Instructions for the task :: Leave the pictures out and print, word for word, the lines below from the one with "ASICS 吸湿速干弹力运动微收腰基础女生T恤 亚瑟士女童26年夏季" through the final line.

Data ::
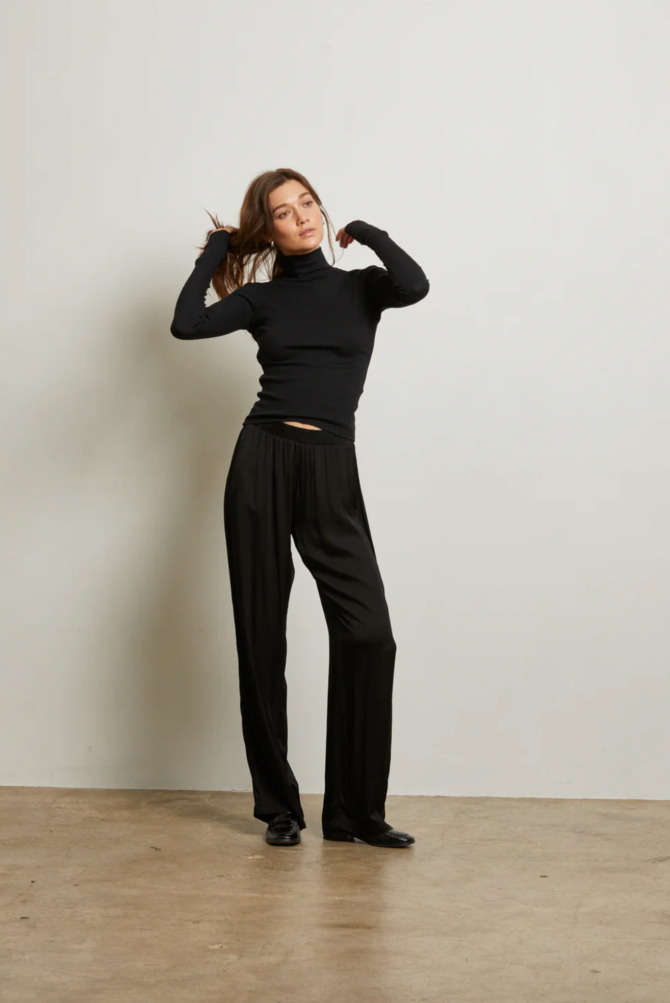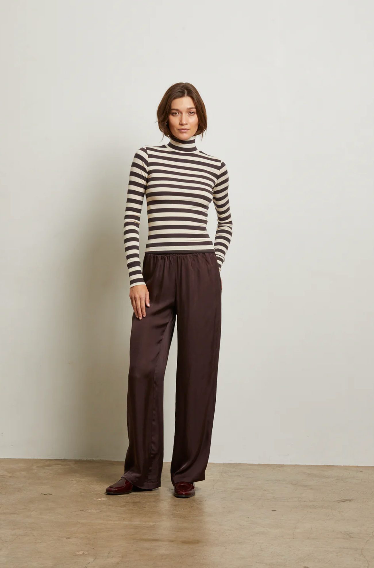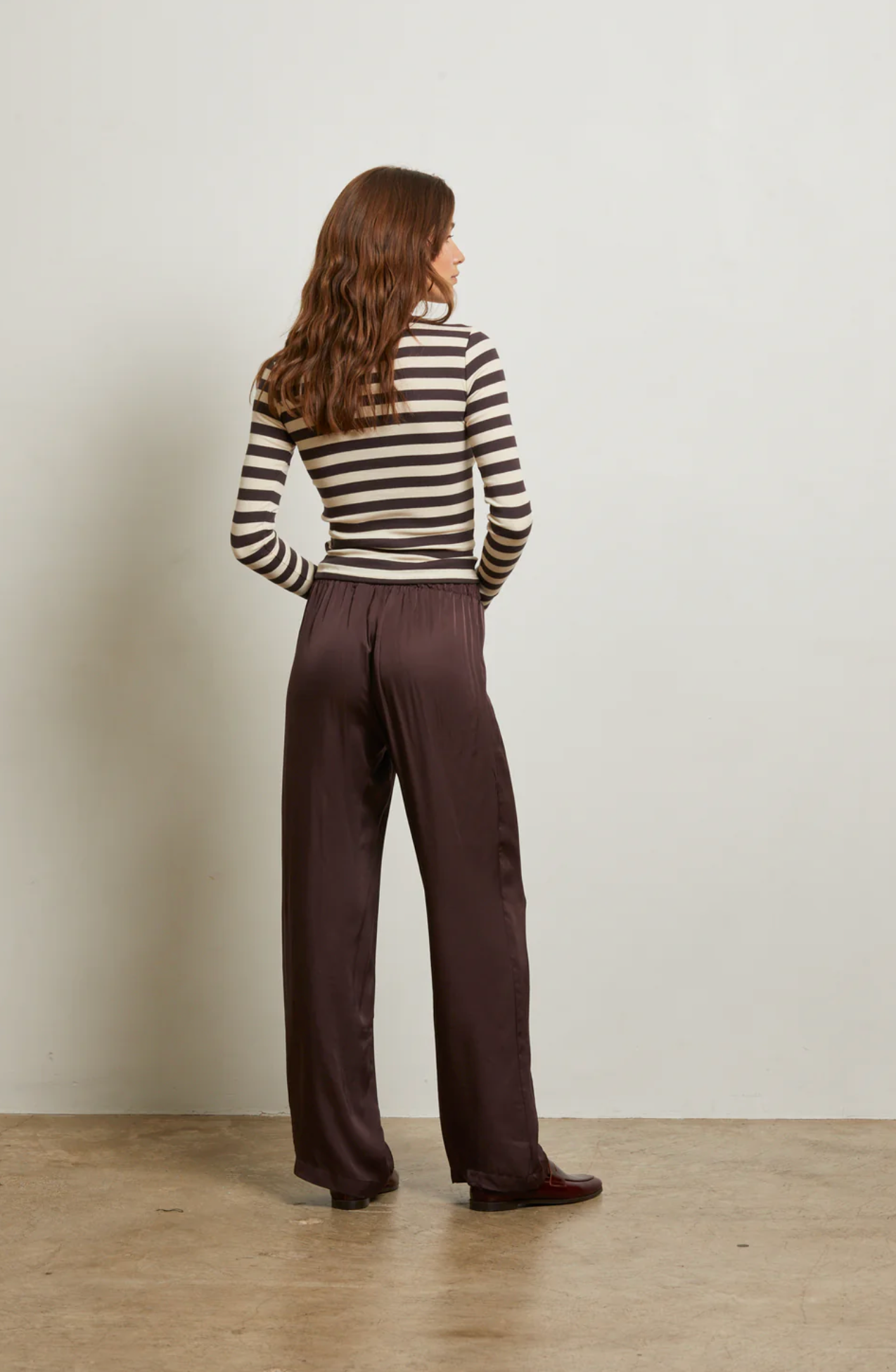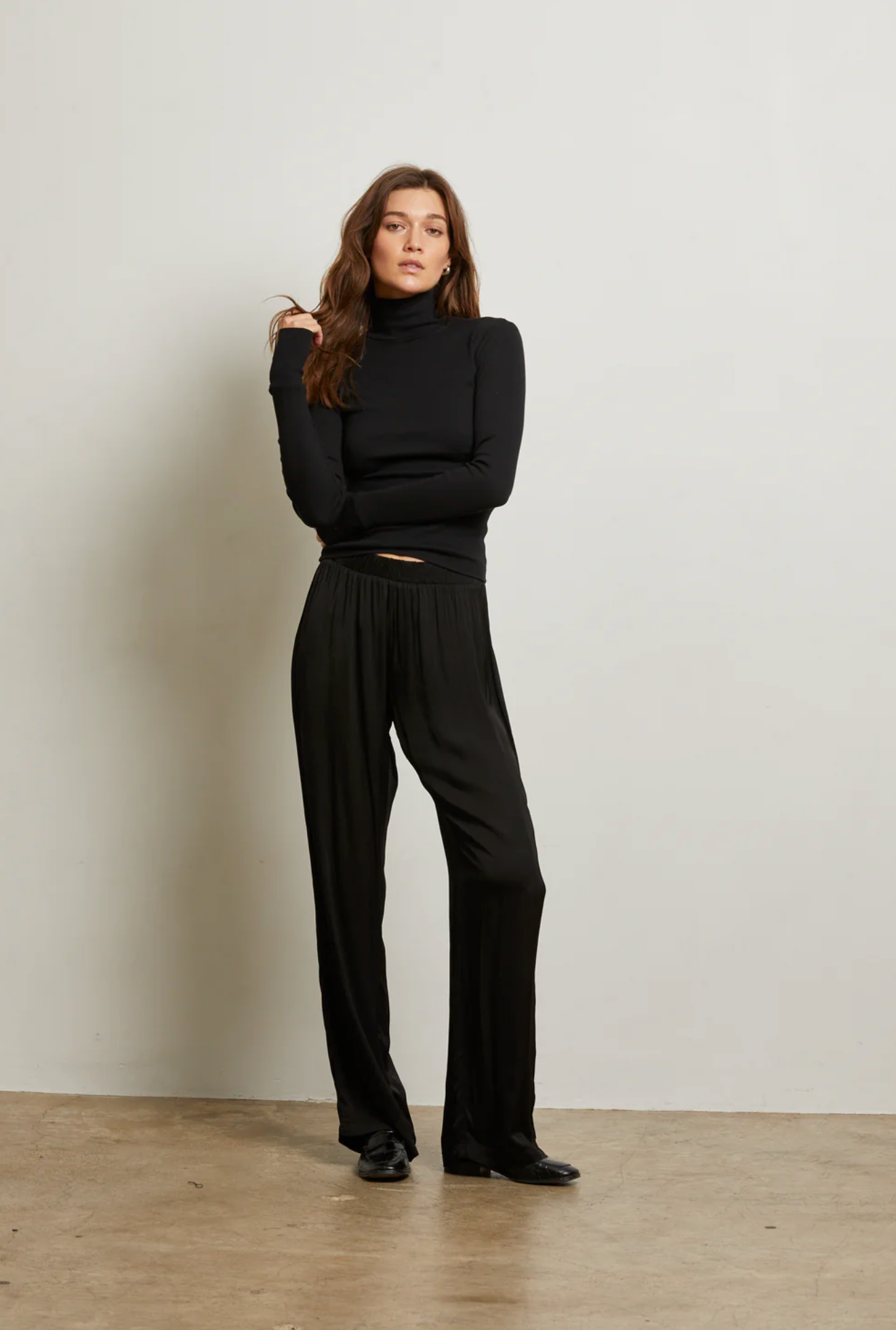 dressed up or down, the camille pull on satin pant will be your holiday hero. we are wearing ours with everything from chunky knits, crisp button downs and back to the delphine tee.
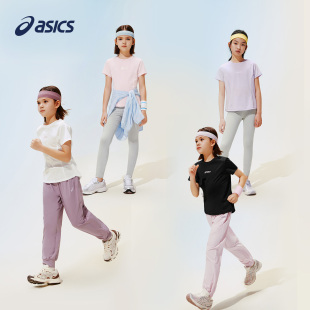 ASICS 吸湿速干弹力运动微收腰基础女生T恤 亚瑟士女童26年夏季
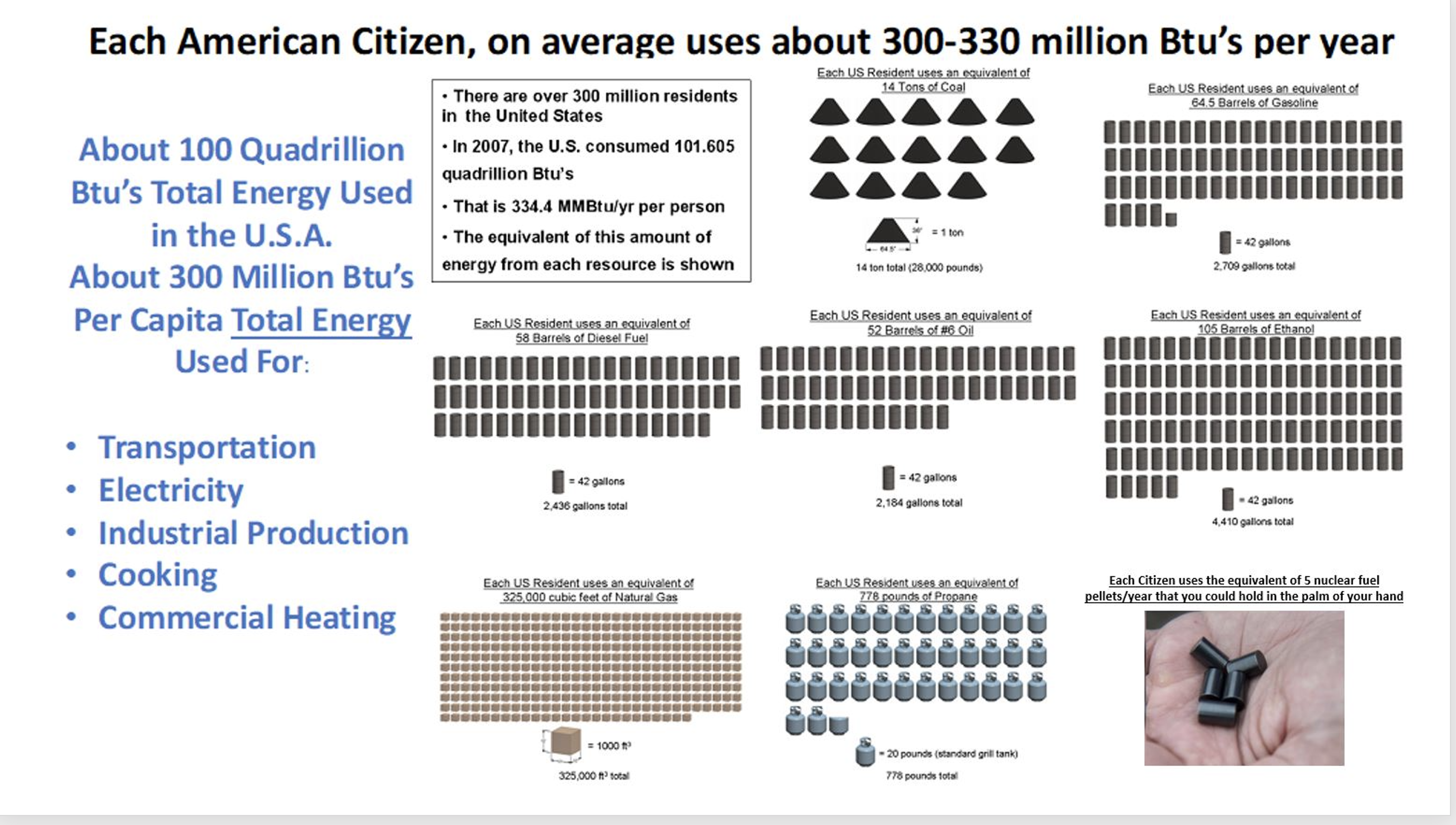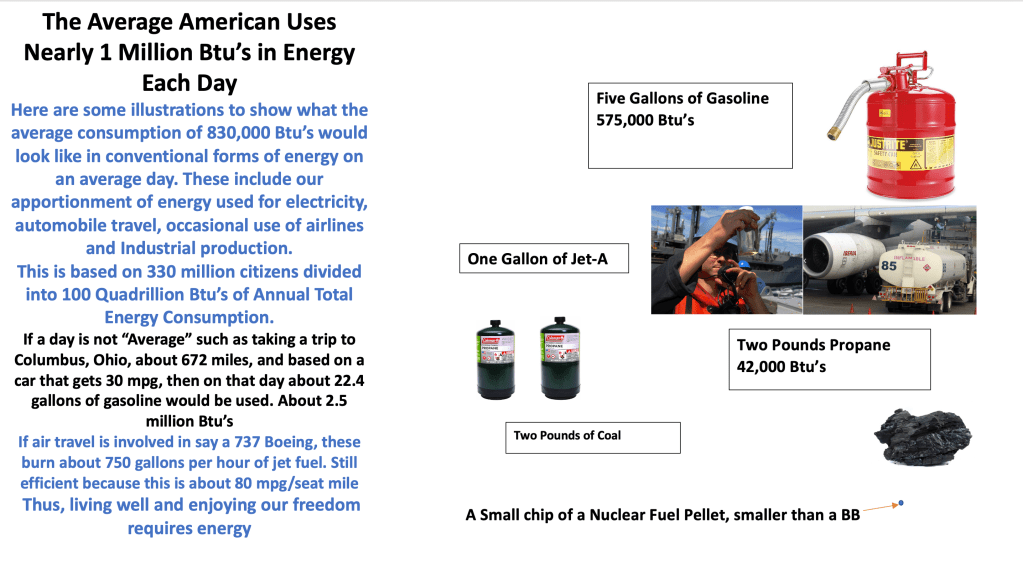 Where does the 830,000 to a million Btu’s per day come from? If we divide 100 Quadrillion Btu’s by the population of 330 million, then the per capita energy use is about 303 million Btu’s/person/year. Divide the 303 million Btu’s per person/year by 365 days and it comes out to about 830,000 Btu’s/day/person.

Answer to this task ::
 ASICS 吸湿速干弹力运动微收腰基础女生T恤 亚瑟士女童26年夏季
 Where does the 830,000 to a million Btu’s per day come from? If we divide 100 Quadrillion Btu’s by the population of 330 million, then the per capita energy use is about 303 million Btu’s/person/year. Divide the 303 million Btu’s per person/year by 365 days and it comes out to about 830,000 Btu’s/day/person.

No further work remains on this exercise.